From the records below, print only the part that opens with the line containing "In the 2014" and closes with the line containing "ラインナップには、王道のコー"; omit the pictures.

Source data:
########################################

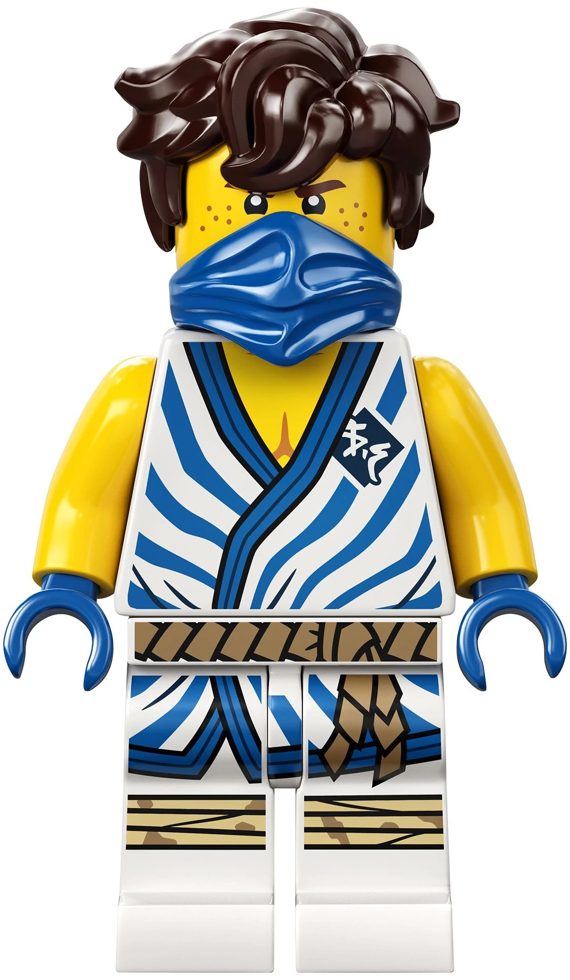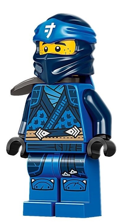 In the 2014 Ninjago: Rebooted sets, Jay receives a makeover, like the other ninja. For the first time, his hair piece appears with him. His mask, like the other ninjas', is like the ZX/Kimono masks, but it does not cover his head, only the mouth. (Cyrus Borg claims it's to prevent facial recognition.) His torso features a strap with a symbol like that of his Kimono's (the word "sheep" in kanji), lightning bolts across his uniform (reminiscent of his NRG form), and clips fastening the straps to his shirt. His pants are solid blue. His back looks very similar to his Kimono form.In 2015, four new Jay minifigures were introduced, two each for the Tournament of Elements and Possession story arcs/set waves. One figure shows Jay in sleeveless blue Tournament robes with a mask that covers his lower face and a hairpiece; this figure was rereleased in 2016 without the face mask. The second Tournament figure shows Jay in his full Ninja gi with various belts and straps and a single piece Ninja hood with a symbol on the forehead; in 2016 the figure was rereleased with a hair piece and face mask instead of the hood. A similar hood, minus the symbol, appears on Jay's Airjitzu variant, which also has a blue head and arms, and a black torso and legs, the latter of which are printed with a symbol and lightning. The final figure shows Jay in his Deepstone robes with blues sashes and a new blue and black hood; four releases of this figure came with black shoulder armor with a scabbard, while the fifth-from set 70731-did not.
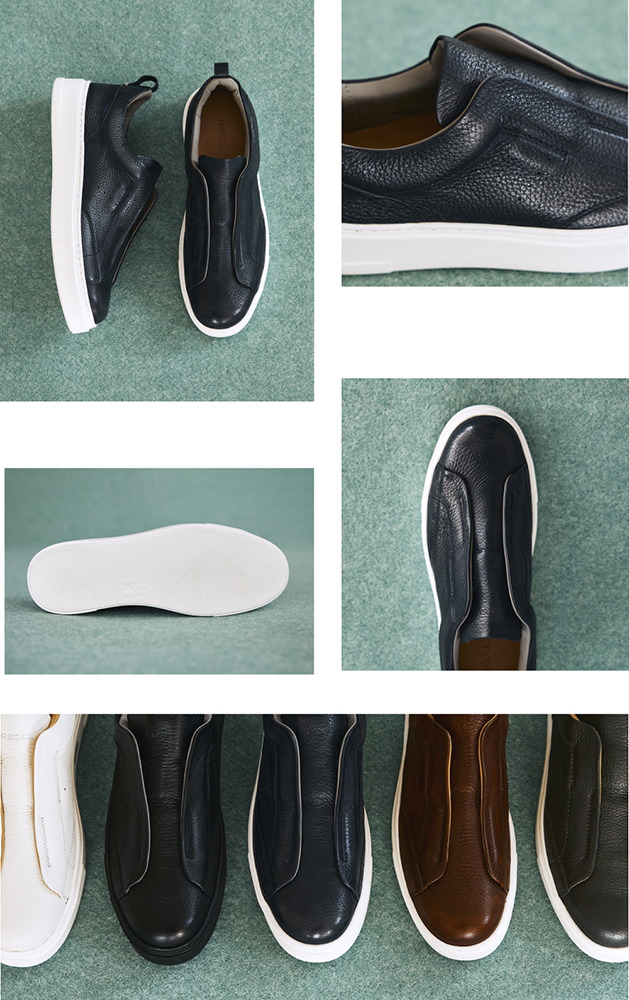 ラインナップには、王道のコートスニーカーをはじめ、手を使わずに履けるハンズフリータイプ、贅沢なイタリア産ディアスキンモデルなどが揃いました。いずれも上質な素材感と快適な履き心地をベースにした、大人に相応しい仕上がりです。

########################################

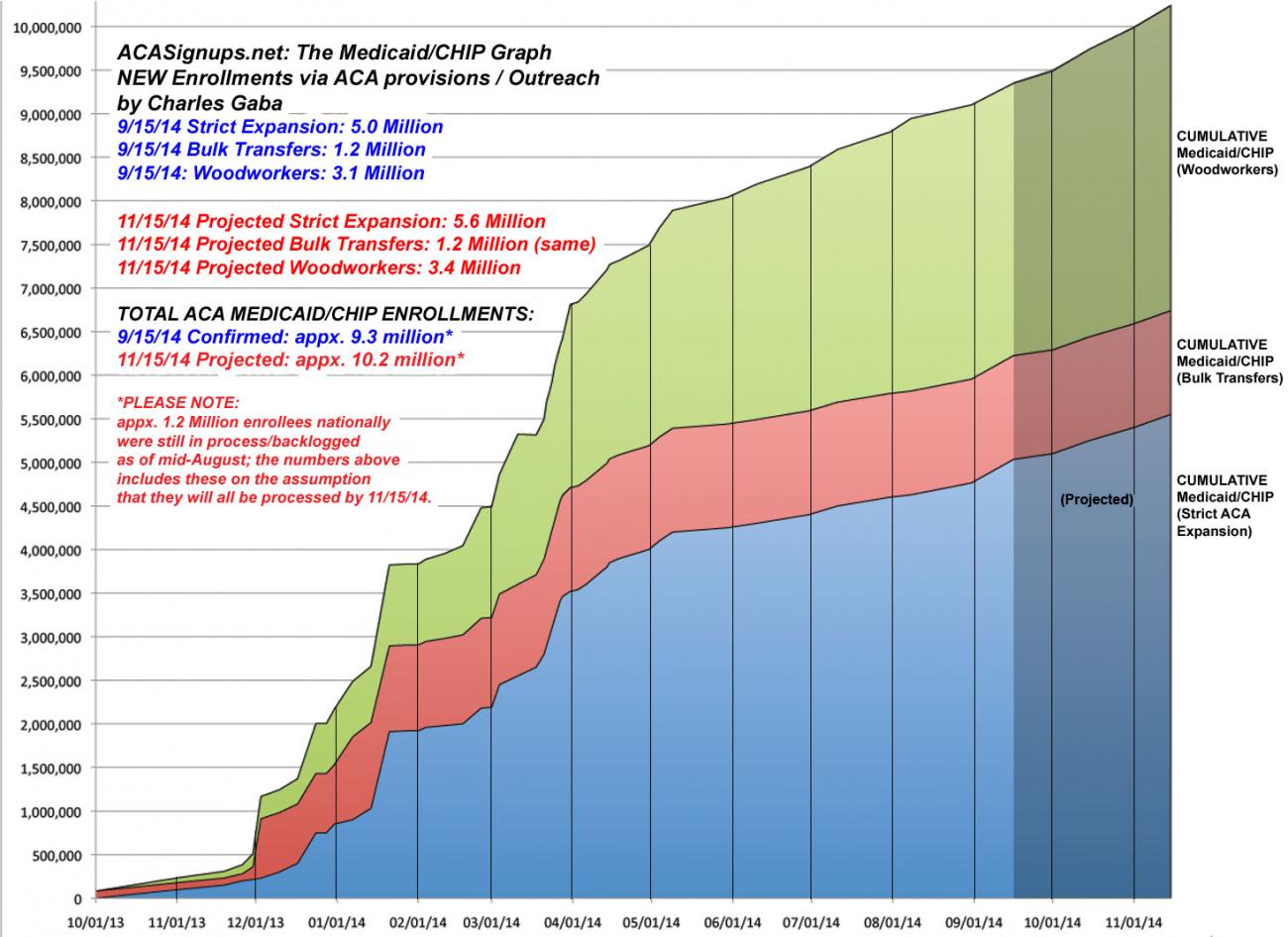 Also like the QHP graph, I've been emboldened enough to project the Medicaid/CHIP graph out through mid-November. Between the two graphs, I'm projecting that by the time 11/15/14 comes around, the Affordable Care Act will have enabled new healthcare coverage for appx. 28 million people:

########################################

Result:
 In the 2014 Ninjago: Rebooted sets, Jay receives a makeover, like the other ninja. For the first time, his hair piece appears with him. His mask, like the other ninjas', is like the ZX/Kimono masks, but it does not cover his head, only the mouth. (Cyrus Borg claims it's to prevent facial recognition.) His torso features a strap with a symbol like that of his Kimono's (the word "sheep" in kanji), lightning bolts across his uniform (reminiscent of his NRG form), and clips fastening the straps to his shirt. His pants are solid blue. His back looks very similar to his Kimono form.In 2015, four new Jay minifigures were introduced, two each for the Tournament of Elements and Possession story arcs/set waves. One figure shows Jay in sleeveless blue Tournament robes with a mask that covers his lower face and a hairpiece; this figure was rereleased in 2016 without the face mask. The second Tournament figure shows Jay in his full Ninja gi with various belts and straps and a single piece Ninja hood with a symbol on the forehead; in 2016 the figure was rereleased with a hair piece and face mask instead of the hood. A similar hood, minus the symbol, appears on Jay's Airjitzu variant, which also has a blue head and arms, and a black torso and legs, the latter of which are printed with a symbol and lightning. The final figure shows Jay in his Deepstone robes with blues sashes and a new blue and black hood; four releases of this figure came with black shoulder armor with a scabbard, while the fifth-from set 70731-did not.
 ラインナップには、王道のコートスニーカーをはじめ、手を使わずに履けるハンズフリータイプ、贅沢なイタリア産ディアスキンモデルなどが揃いました。いずれも上質な素材感と快適な履き心地をベースにした、大人に相応しい仕上がりです。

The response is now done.